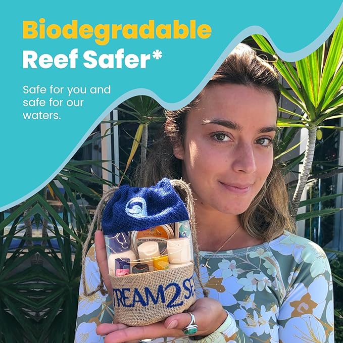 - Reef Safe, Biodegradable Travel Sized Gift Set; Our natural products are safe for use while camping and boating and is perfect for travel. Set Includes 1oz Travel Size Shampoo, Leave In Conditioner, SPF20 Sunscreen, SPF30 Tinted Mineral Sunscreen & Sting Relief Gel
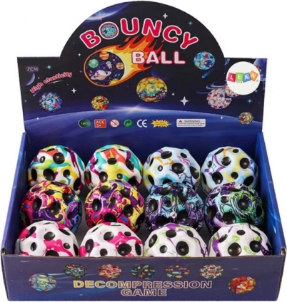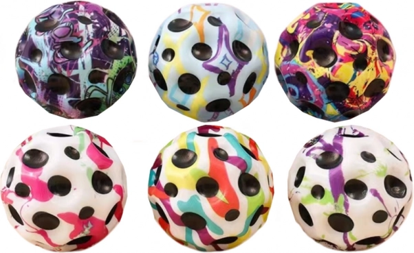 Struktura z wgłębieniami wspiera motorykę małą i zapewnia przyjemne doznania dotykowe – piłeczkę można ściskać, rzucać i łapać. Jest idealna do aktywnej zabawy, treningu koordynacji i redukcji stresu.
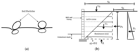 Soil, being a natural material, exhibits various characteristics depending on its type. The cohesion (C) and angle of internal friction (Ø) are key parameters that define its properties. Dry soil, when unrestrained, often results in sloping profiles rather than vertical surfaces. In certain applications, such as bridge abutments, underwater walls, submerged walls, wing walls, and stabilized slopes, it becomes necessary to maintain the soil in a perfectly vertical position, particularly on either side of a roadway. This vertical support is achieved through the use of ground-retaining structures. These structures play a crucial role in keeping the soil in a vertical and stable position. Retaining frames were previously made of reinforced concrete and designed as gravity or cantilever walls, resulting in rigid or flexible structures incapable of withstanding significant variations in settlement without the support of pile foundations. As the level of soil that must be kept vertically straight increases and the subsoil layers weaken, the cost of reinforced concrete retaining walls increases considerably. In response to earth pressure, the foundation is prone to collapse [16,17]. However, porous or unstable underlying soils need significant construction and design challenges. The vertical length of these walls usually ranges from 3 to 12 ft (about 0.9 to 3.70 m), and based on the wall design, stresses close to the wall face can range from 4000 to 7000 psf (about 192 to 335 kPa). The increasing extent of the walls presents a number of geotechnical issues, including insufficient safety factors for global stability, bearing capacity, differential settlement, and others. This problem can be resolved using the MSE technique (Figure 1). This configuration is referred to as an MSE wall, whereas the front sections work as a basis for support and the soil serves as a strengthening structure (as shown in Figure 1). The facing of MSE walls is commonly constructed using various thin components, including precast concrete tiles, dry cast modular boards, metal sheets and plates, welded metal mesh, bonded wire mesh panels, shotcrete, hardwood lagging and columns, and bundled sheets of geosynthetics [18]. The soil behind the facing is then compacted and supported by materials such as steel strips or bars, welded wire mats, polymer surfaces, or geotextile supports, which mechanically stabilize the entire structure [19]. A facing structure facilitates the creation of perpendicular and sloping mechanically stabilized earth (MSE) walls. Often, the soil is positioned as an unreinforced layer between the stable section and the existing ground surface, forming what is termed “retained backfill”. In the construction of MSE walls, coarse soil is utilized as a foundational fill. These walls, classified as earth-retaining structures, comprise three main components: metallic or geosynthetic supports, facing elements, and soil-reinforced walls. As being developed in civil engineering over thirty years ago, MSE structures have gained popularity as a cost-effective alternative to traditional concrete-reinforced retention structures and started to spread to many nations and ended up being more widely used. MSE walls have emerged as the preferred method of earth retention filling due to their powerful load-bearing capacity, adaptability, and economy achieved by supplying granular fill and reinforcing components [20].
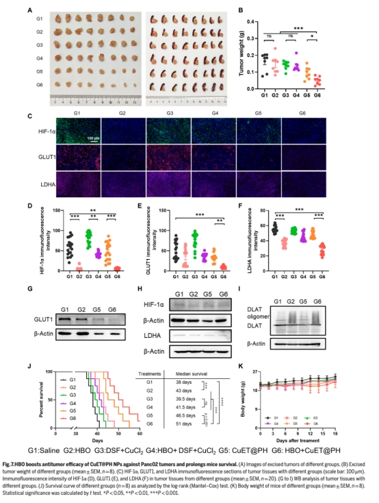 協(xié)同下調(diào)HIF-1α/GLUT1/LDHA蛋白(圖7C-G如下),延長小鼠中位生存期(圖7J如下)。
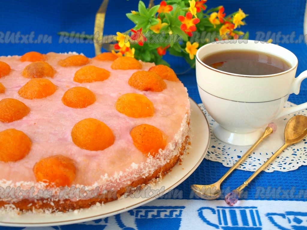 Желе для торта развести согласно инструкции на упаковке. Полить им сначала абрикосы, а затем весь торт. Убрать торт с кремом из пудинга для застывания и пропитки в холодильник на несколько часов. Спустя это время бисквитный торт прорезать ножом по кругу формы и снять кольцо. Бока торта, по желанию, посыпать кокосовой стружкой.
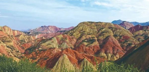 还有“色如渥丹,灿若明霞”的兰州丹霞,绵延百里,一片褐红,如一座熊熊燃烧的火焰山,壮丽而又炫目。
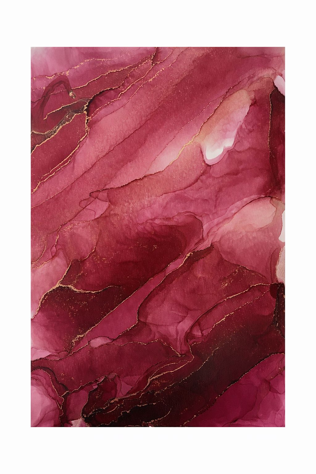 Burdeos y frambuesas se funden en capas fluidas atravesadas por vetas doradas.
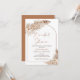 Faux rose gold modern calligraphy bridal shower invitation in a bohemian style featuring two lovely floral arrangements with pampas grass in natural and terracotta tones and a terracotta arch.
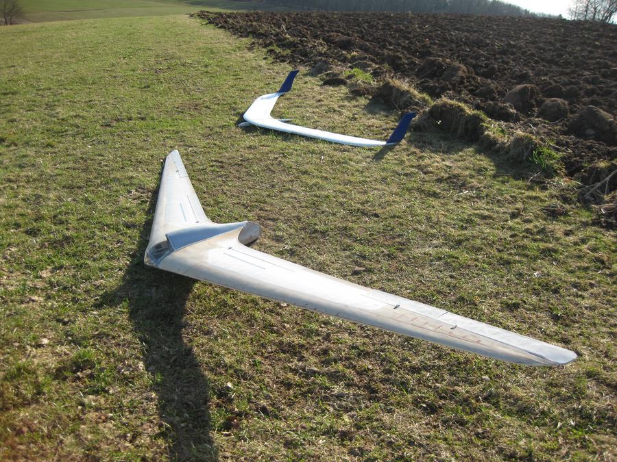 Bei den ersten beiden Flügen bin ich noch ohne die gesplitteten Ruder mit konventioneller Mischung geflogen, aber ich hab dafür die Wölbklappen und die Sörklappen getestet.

################

- Work item -
Apart from the images, reproduce the listing exactly as it appears.

- Answer box -
 - Reef Safe, Biodegradable Travel Sized Gift Set; Our natural products are safe for use while camping and boating and is perfect for travel. Set Includes 1oz Travel Size Shampoo, Leave In Conditioner, SPF20 Sunscreen, SPF30 Tinted Mineral Sunscreen & Sting Relief Gel
 Struktura z wgłębieniami wspiera motorykę małą i zapewnia przyjemne doznania dotykowe – piłeczkę można ściskać, rzucać i łapać. Jest idealna do aktywnej zabawy, treningu koordynacji i redukcji stresu.
 Soil, being a natural material, exhibits various characteristics depending on its type. The cohesion (C) and angle of internal friction (Ø) are key parameters that define its properties. Dry soil, when unrestrained, often results in sloping profiles rather than vertical surfaces. In certain applications, such as bridge abutments, underwater walls, submerged walls, wing walls, and stabilized slopes, it becomes necessary to maintain the soil in a perfectly vertical position, particularly on either side of a roadway. This vertical support is achieved through the use of ground-retaining structures. These structures play a crucial role in keeping the soil in a vertical and stable position. Retaining frames were previously made of reinforced concrete and designed as gravity or cantilever walls, resulting in rigid or flexible structures incapable of withstanding significant variations in settlement without the support of pile foundations. As the level of soil that must be kept vertically straight increases and the subsoil layers weaken, the cost of reinforced concrete retaining walls increases considerably. In response to earth pressure, the foundation is prone to collapse [16,17]. However, porous or unstable underlying soils need significant construction and design challenges. The vertical length of these walls usually ranges from 3 to 12 ft (about 0.9 to 3.70 m), and based on the wall design, stresses close to the wall face can range from 4000 to 7000 psf (about 192 to 335 kPa). The increasing extent of the walls presents a number of geotechnical issues, including insufficient safety factors for global stability, bearing capacity, differential settlement, and others. This problem can be resolved using the MSE technique (Figure 1). This configuration is referred to as an MSE wall, whereas the front sections work as a basis for support and the soil serves as a strengthening structure (as shown in Figure 1). The facing of MSE walls is commonly constructed using various thin components, including precast concrete tiles, dry cast modular boards, metal sheets and plates, welded metal mesh, bonded wire mesh panels, shotcrete, hardwood lagging and columns, and bundled sheets of geosynthetics [18]. The soil behind the facing is then compacted and supported by materials such as steel strips or bars, welded wire mats, polymer surfaces, or geotextile supports, which mechanically stabilize the entire structure [19]. A facing structure facilitates the creation of perpendicular and sloping mechanically stabilized earth (MSE) walls. Often, the soil is positioned as an unreinforced layer between the stable section and the existing ground surface, forming what is termed “retained backfill”. In the construction of MSE walls, coarse soil is utilized as a foundational fill. These walls, classified as earth-retaining structures, comprise three main components: metallic or geosynthetic supports, facing elements, and soil-reinforced walls. As being developed in civil engineering over thirty years ago, MSE structures have gained popularity as a cost-effective alternative to traditional concrete-reinforced retention structures and started to spread to many nations and ended up being more widely used. MSE walls have emerged as the preferred method of earth retention filling due to their powerful load-bearing capacity, adaptability, and economy achieved by supplying granular fill and reinforcing components [20].
 協(xié)同下調(diào)HIF-1α/GLUT1/LDHA蛋白(圖7C-G如下),延長小鼠中位生存期(圖7J如下)。
 Желе для торта развести согласно инструкции на упаковке. Полить им сначала абрикосы, а затем весь торт. Убрать торт с кремом из пудинга для застывания и пропитки в холодильник на несколько часов. Спустя это время бисквитный торт прорезать ножом по кругу формы и снять кольцо. Бока торта, по желанию, посыпать кокосовой стружкой.
 还有“色如渥丹,灿若明霞”的兰州丹霞,绵延百里,一片褐红,如一座熊熊燃烧的火焰山,壮丽而又炫目。
 Burdeos y frambuesas se funden en capas fluidas atravesadas por vetas doradas.
 Faux rose gold modern calligraphy bridal shower invitation in a bohemian style featuring two lovely floral arrangements with pampas grass in natural and terracotta tones and a terracotta arch.
 Bei den ersten beiden Flügen bin ich noch ohne die gesplitteten Ruder mit konventioneller Mischung geflogen, aber ich hab dafür die Wölbklappen und die Sörklappen getestet.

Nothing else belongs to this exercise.